> **To do**: Your response to the data below should hold nothing except the lines from the one containing "Song song đó, Hội" down to the one containing "The Metatron Cube", reproduced exactly and without pictures.

> **Record excerpts**:
•••••
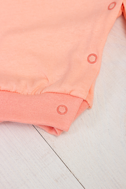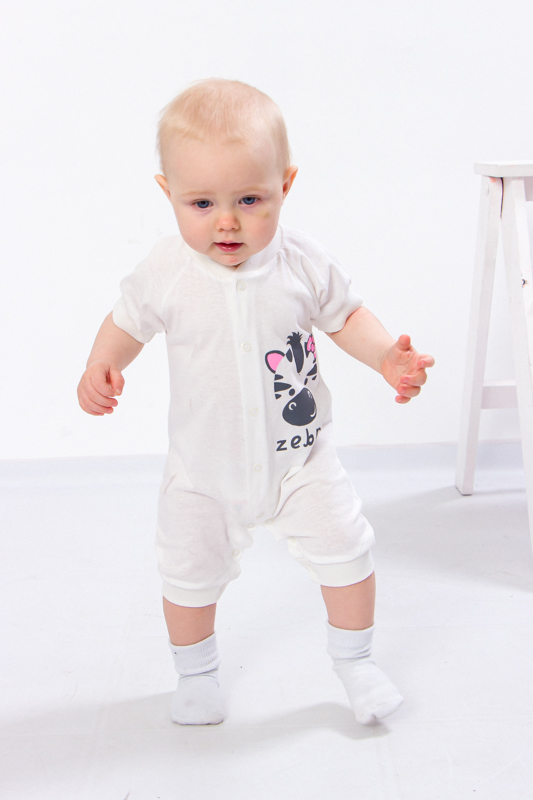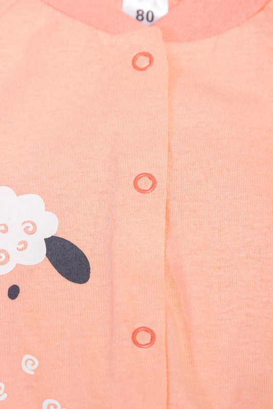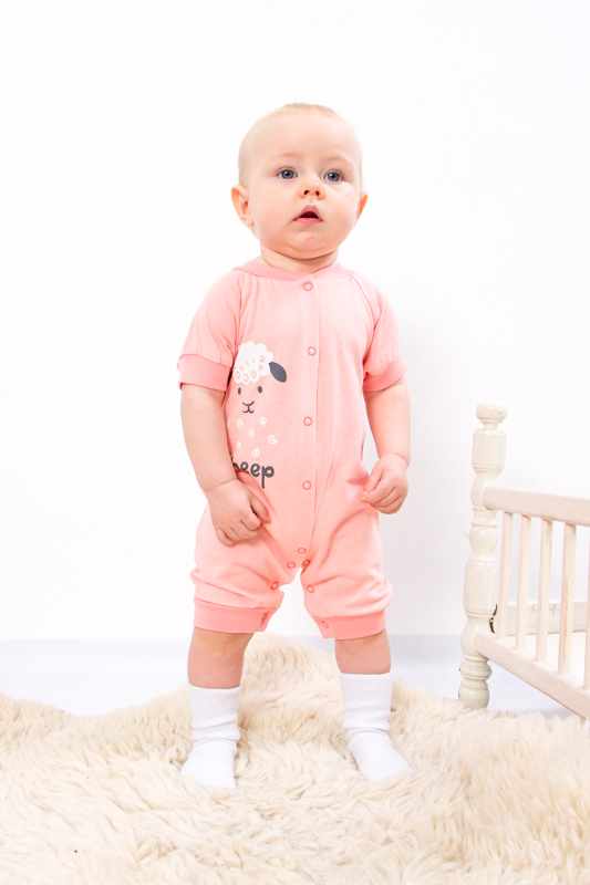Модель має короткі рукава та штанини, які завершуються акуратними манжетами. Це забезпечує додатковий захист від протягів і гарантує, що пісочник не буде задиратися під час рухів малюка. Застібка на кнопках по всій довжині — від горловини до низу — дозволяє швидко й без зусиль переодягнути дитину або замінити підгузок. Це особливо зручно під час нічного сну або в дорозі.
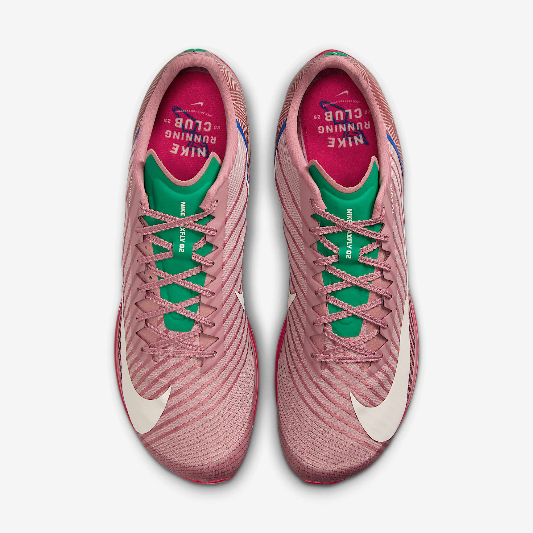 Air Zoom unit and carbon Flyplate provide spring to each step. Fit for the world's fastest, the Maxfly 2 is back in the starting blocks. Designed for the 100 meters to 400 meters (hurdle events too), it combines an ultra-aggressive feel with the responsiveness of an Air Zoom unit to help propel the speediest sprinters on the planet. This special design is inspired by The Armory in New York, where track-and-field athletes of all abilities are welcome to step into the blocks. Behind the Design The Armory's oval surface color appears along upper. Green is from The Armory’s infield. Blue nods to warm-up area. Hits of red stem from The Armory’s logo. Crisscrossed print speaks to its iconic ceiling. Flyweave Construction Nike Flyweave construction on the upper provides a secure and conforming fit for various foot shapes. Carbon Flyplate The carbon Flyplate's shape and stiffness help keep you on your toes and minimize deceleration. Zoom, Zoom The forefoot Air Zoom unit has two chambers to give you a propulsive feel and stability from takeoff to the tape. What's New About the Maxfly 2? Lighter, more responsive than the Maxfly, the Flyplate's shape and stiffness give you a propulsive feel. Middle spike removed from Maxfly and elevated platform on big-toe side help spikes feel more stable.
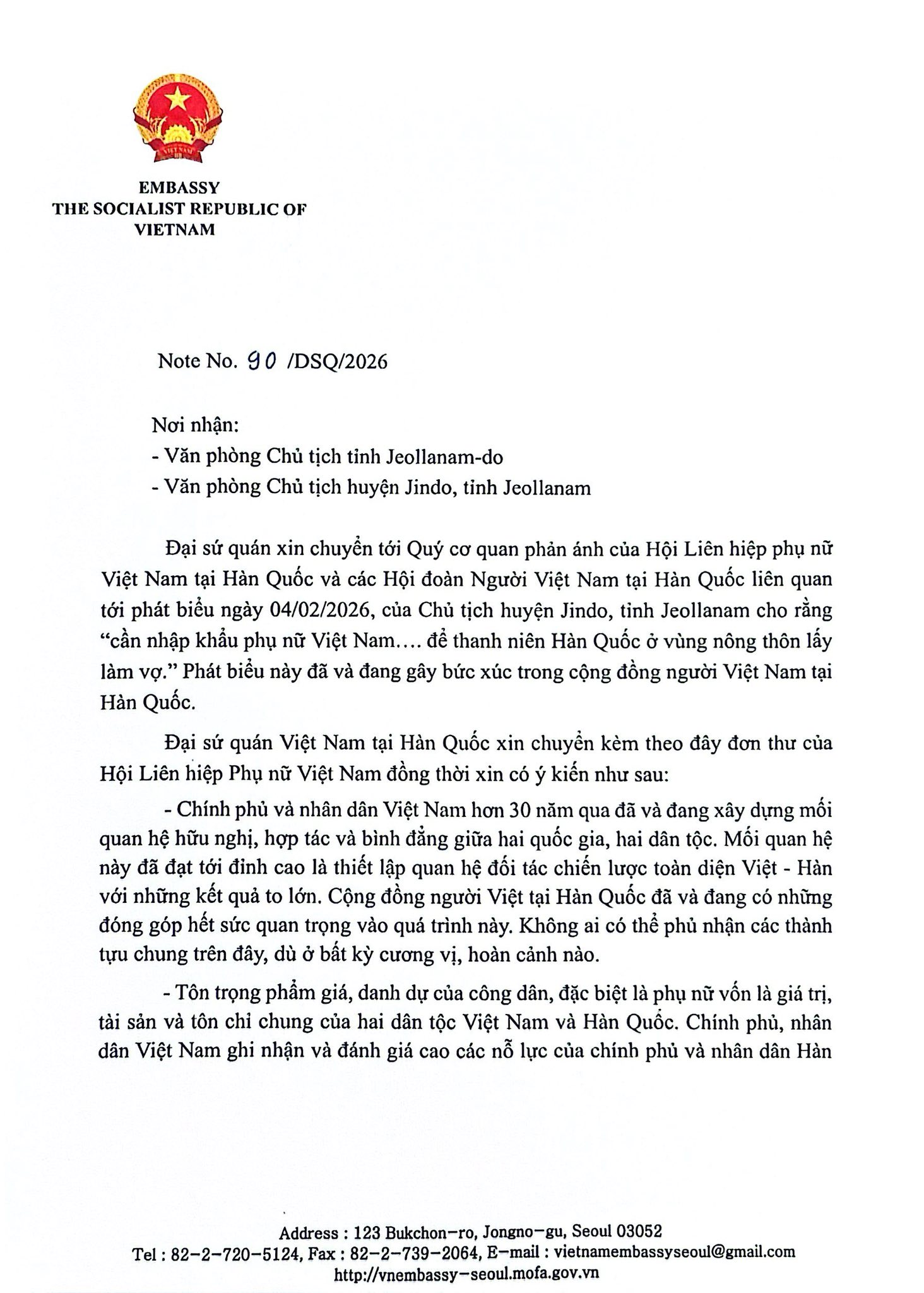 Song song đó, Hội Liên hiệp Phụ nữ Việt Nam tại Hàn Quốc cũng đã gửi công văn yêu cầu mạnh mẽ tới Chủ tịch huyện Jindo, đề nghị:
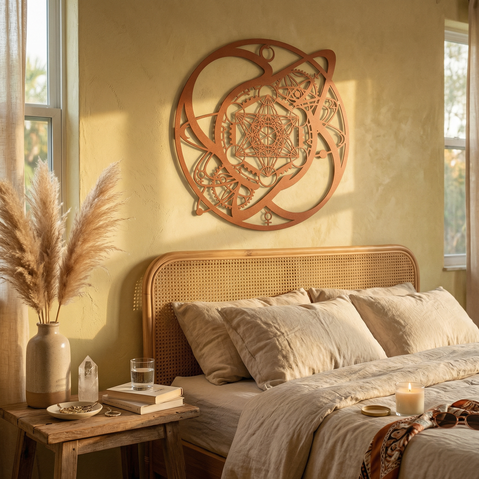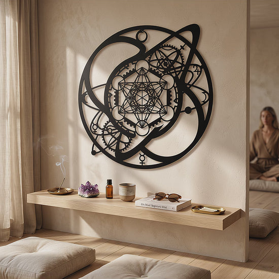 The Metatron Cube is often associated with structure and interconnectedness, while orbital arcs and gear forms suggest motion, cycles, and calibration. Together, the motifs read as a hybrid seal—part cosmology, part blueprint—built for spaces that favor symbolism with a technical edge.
•••••
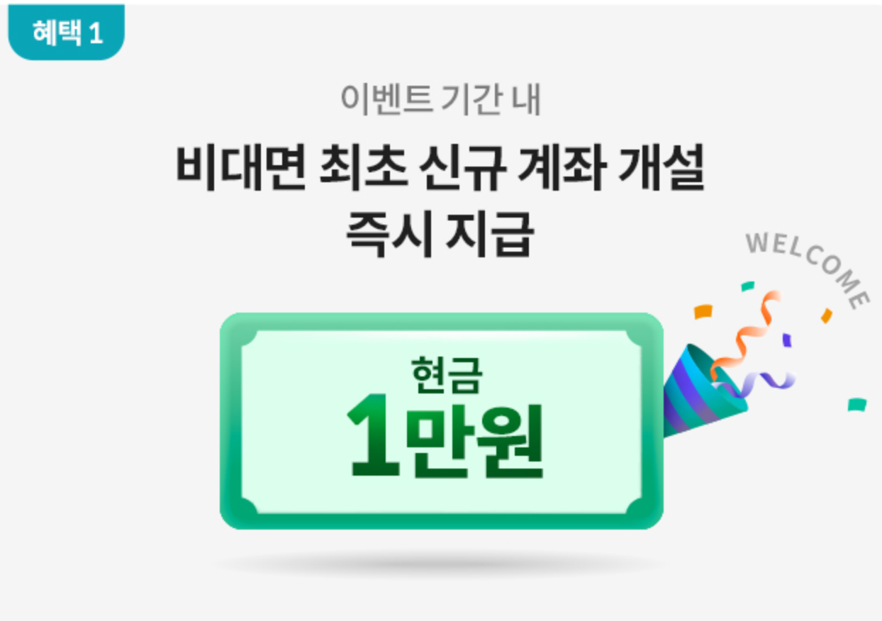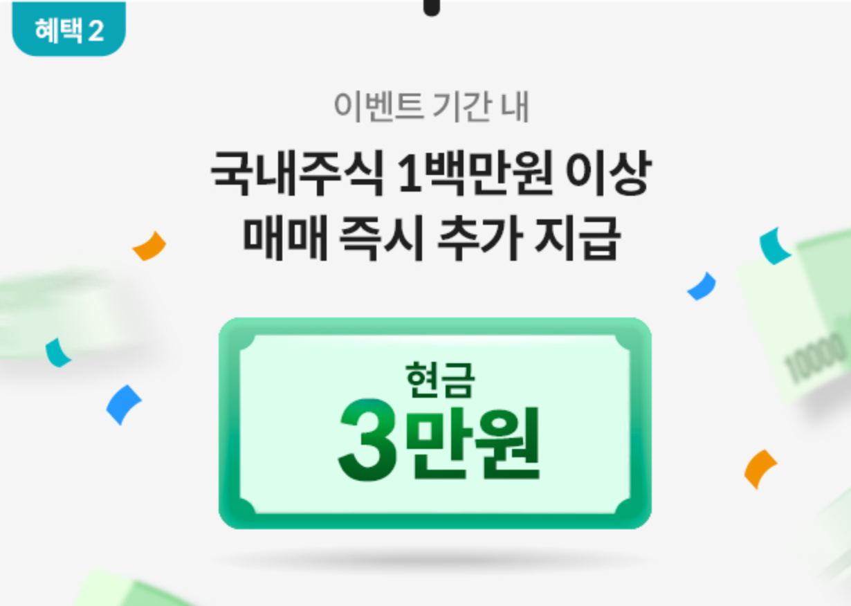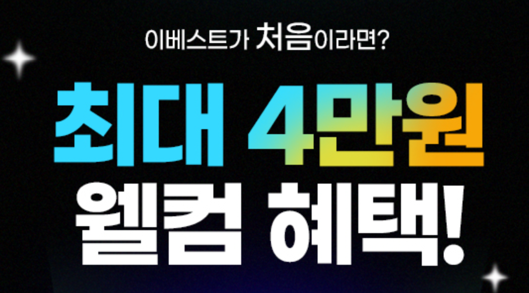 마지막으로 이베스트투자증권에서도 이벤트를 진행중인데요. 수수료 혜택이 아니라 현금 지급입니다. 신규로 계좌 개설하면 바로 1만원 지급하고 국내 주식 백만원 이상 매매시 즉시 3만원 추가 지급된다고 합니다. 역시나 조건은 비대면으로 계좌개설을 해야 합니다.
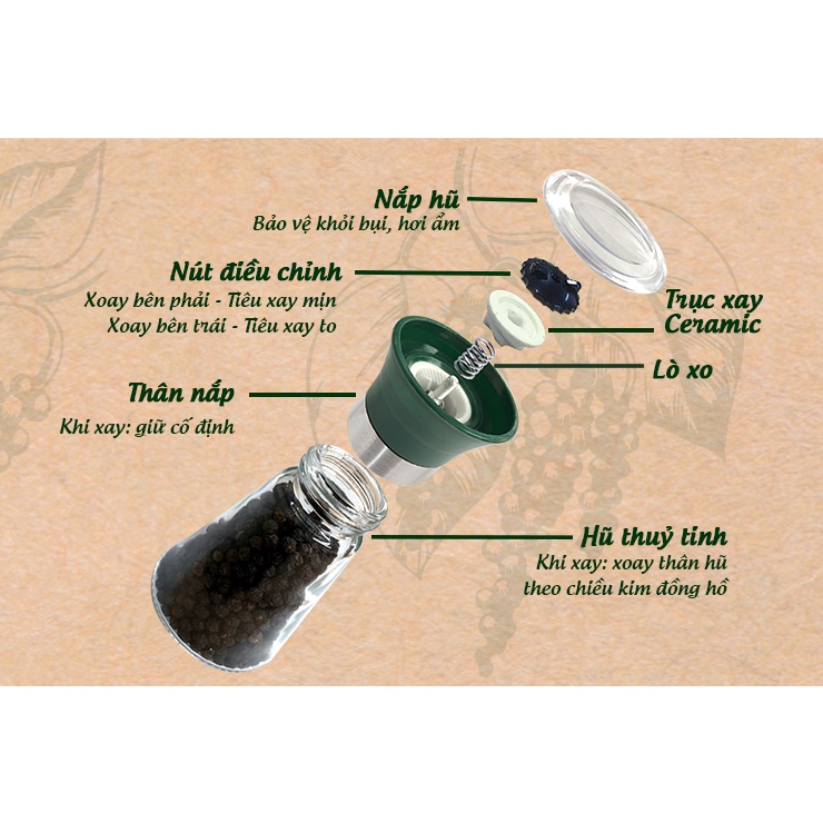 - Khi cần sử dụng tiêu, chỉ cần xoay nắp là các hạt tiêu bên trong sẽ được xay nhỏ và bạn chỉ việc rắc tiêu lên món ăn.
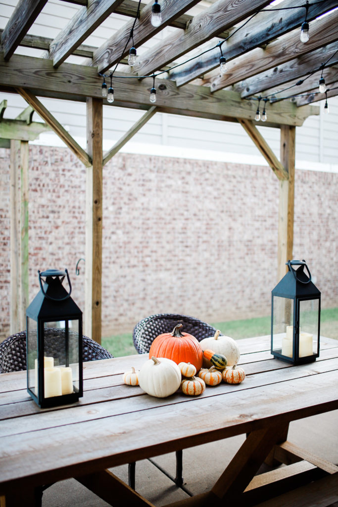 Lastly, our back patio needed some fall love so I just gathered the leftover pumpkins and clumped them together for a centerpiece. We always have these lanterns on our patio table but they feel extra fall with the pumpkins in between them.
•••••
> **Solution for this problem**:
 Song song đó, Hội Liên hiệp Phụ nữ Việt Nam tại Hàn Quốc cũng đã gửi công văn yêu cầu mạnh mẽ tới Chủ tịch huyện Jindo, đề nghị:
 The Metatron Cube is often associated with structure and interconnectedness, while orbital arcs and gear forms suggest motion, cycles, and calibration. Together, the motifs read as a hybrid seal—part cosmology, part blueprint—built for spaces that favor symbolism with a technical edge.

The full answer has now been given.